[[ RECORDED DATA open ]]
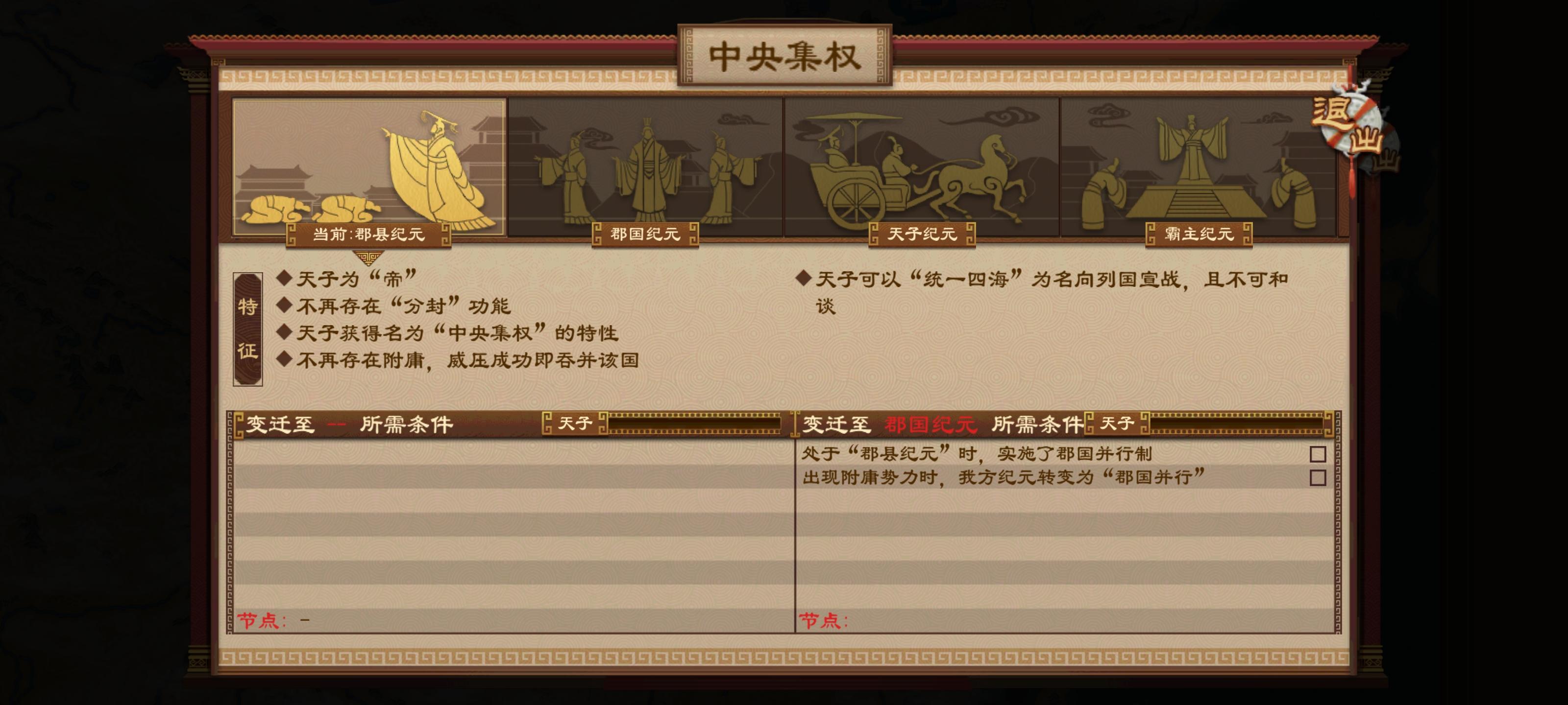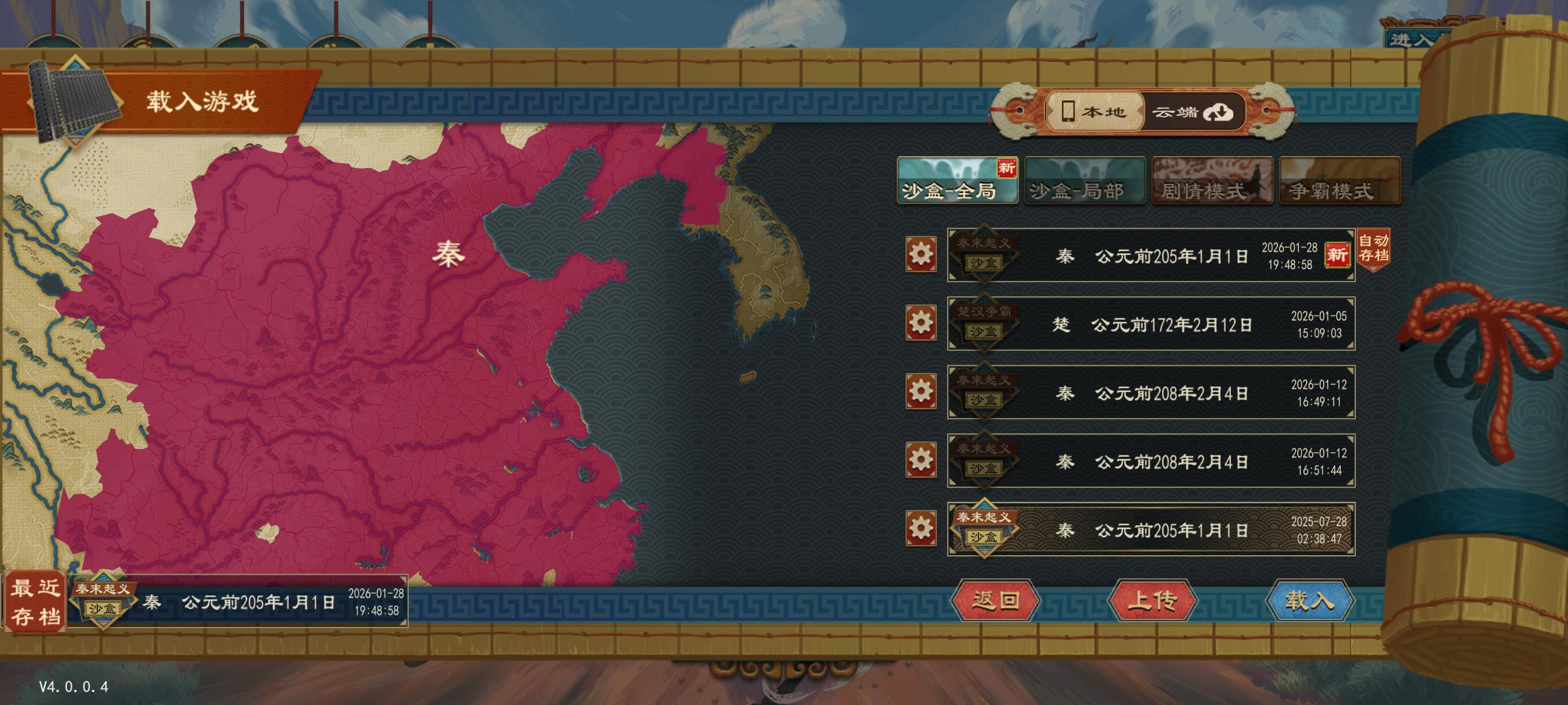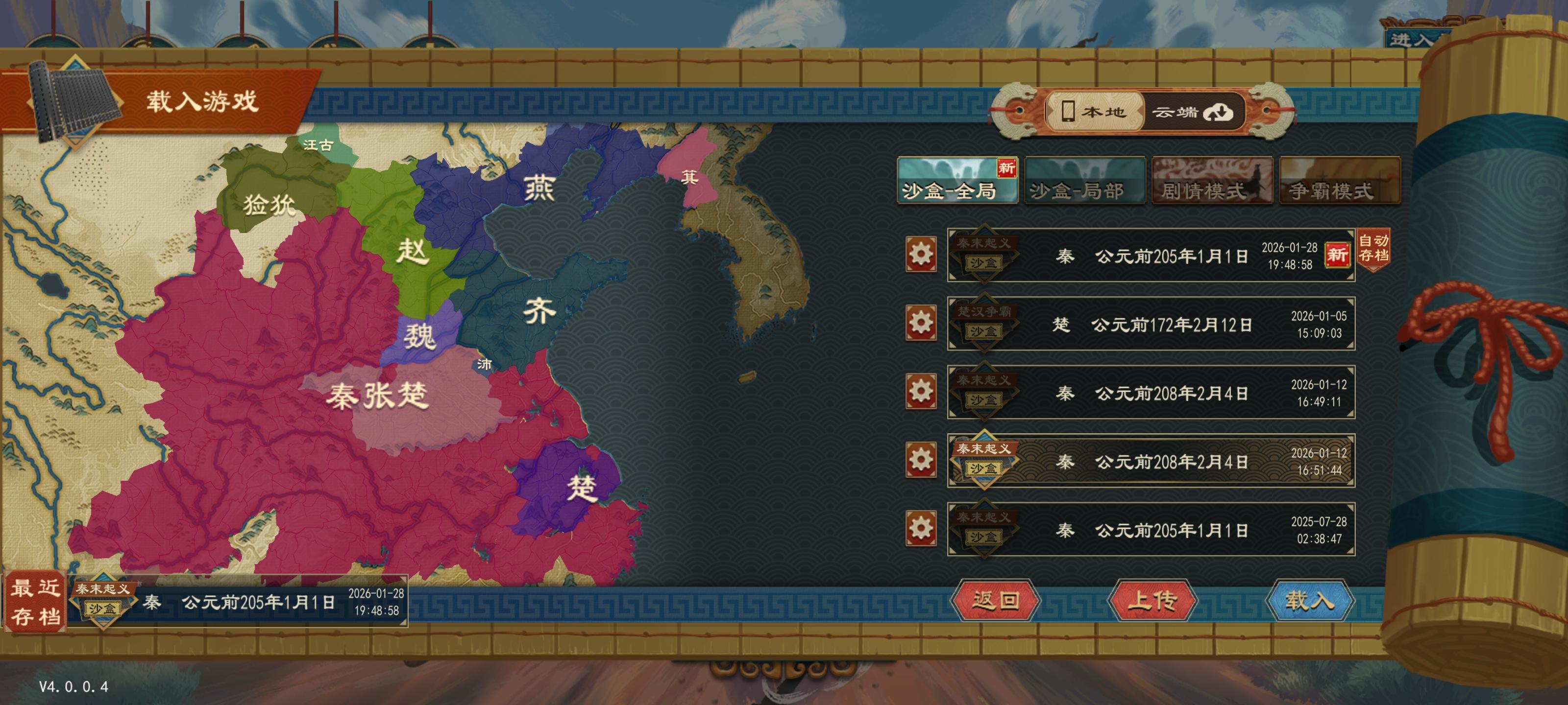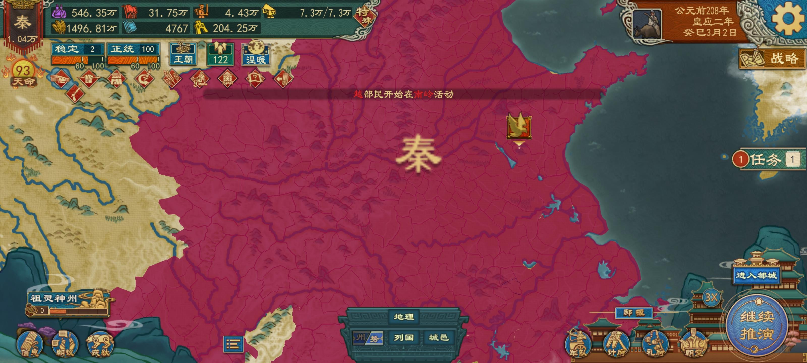 在秦末起义剧本中使用秦国开局直接投降(开局设置里把战争投降惩罚改成常规。族域系统关掉,配合下一条),再派大臣去威压就行了(注意一下威压任务时间,尽量让几个威压任务完成时间差不多,方便存档刷)。
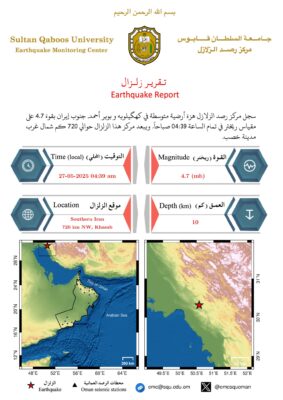 رصد هزة أرضية تبعد 720 كم شمال غرب مدينة خصب
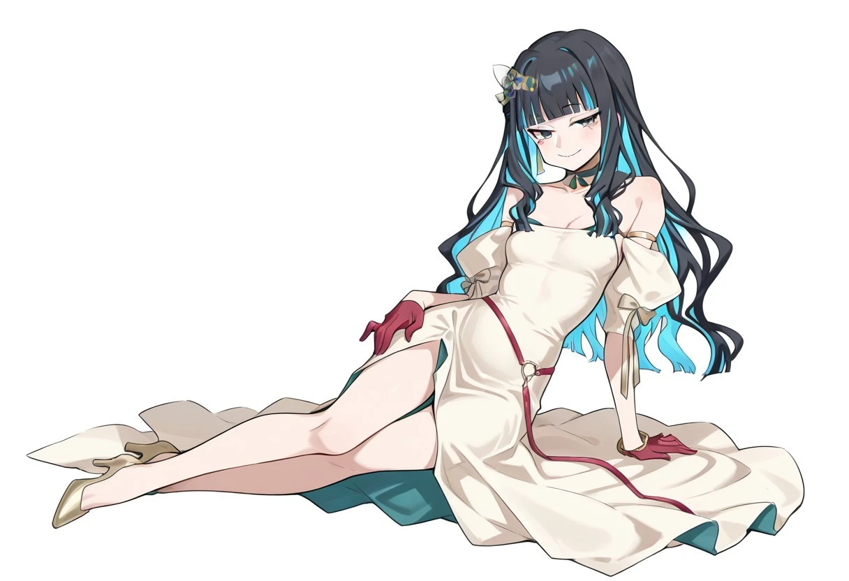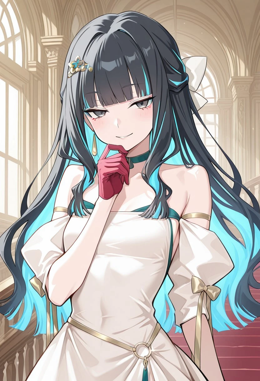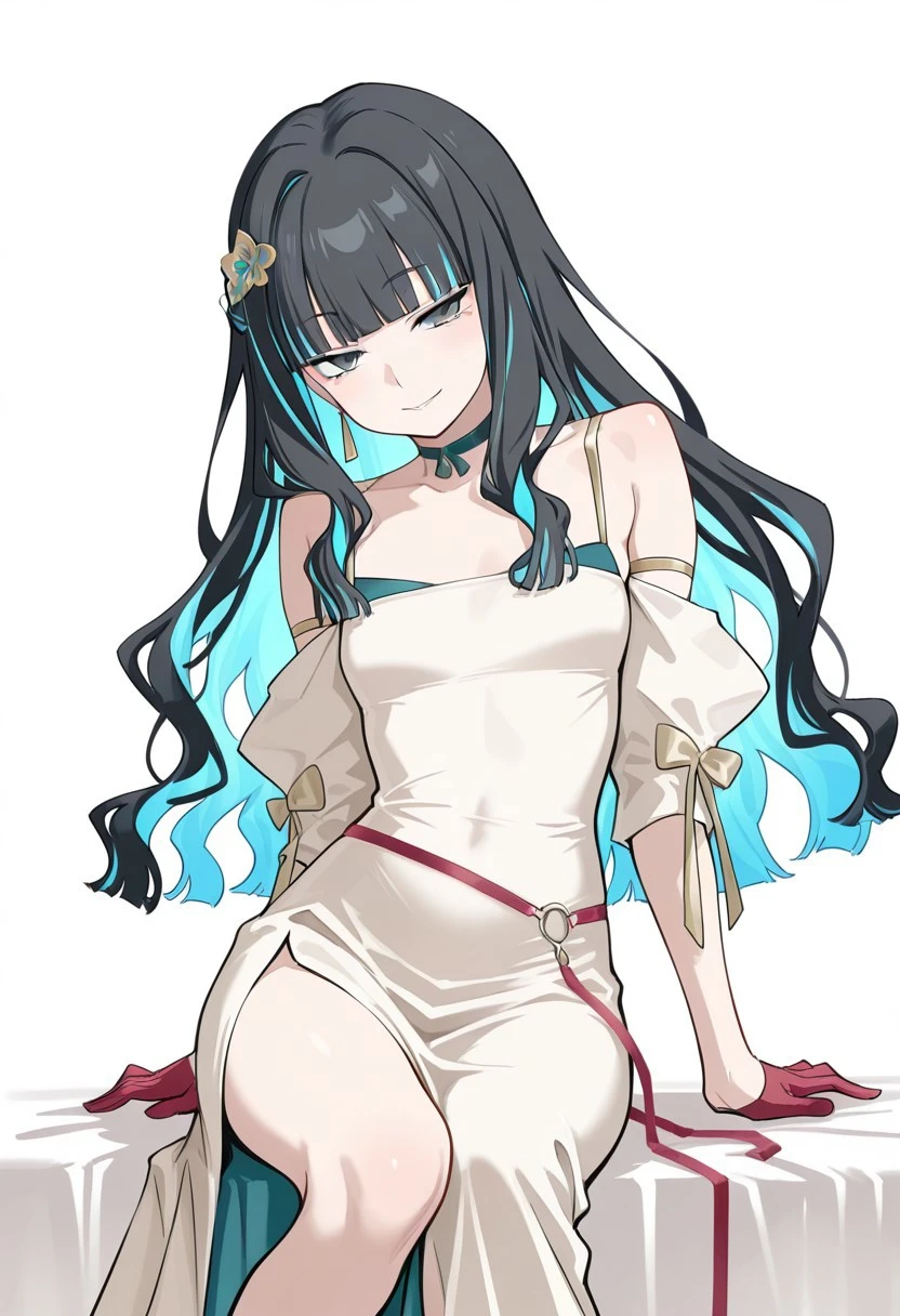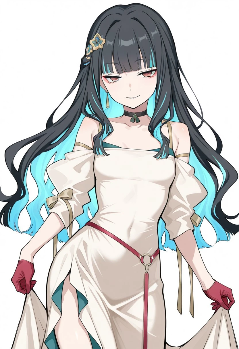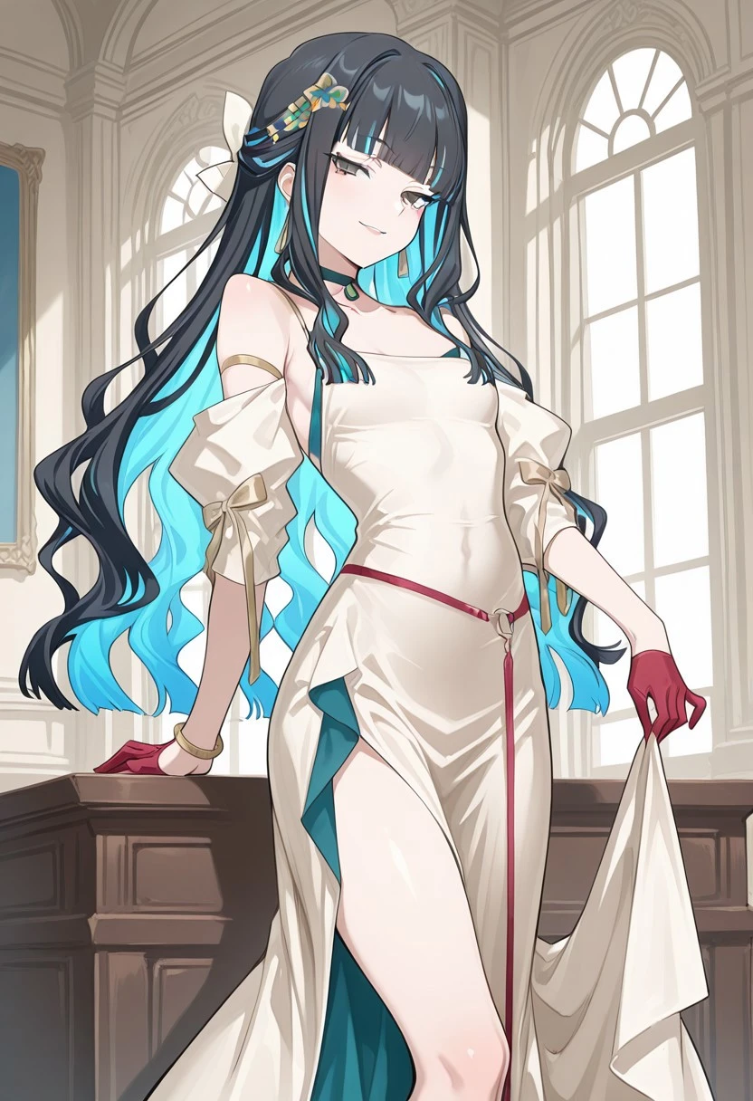 tenoctitlanfate, grey eyes, eyeliner, multicolored hair, black hair, colored inner hair, blue hair, blunt bangs, blunt ends, long hair, sidelocks, hair ornament, small breasts,
[[ RECORDED DATA closed ]]
* TASK GOAL *
Output all of the data exactly. Skip the pictures.

* RESULT OF THE TASK *
 在秦末起义剧本中使用秦国开局直接投降(开局设置里把战争投降惩罚改成常规。族域系统关掉,配合下一条),再派大臣去威压就行了(注意一下威压任务时间,尽量让几个威压任务完成时间差不多,方便存档刷)。
 رصد هزة أرضية تبعد 720 كم شمال غرب مدينة خصب
 tenoctitlanfate, grey eyes, eyeliner, multicolored hair, black hair, colored inner hair, blue hair, blunt bangs, blunt ends, long hair, sidelocks, hair ornament, small breasts,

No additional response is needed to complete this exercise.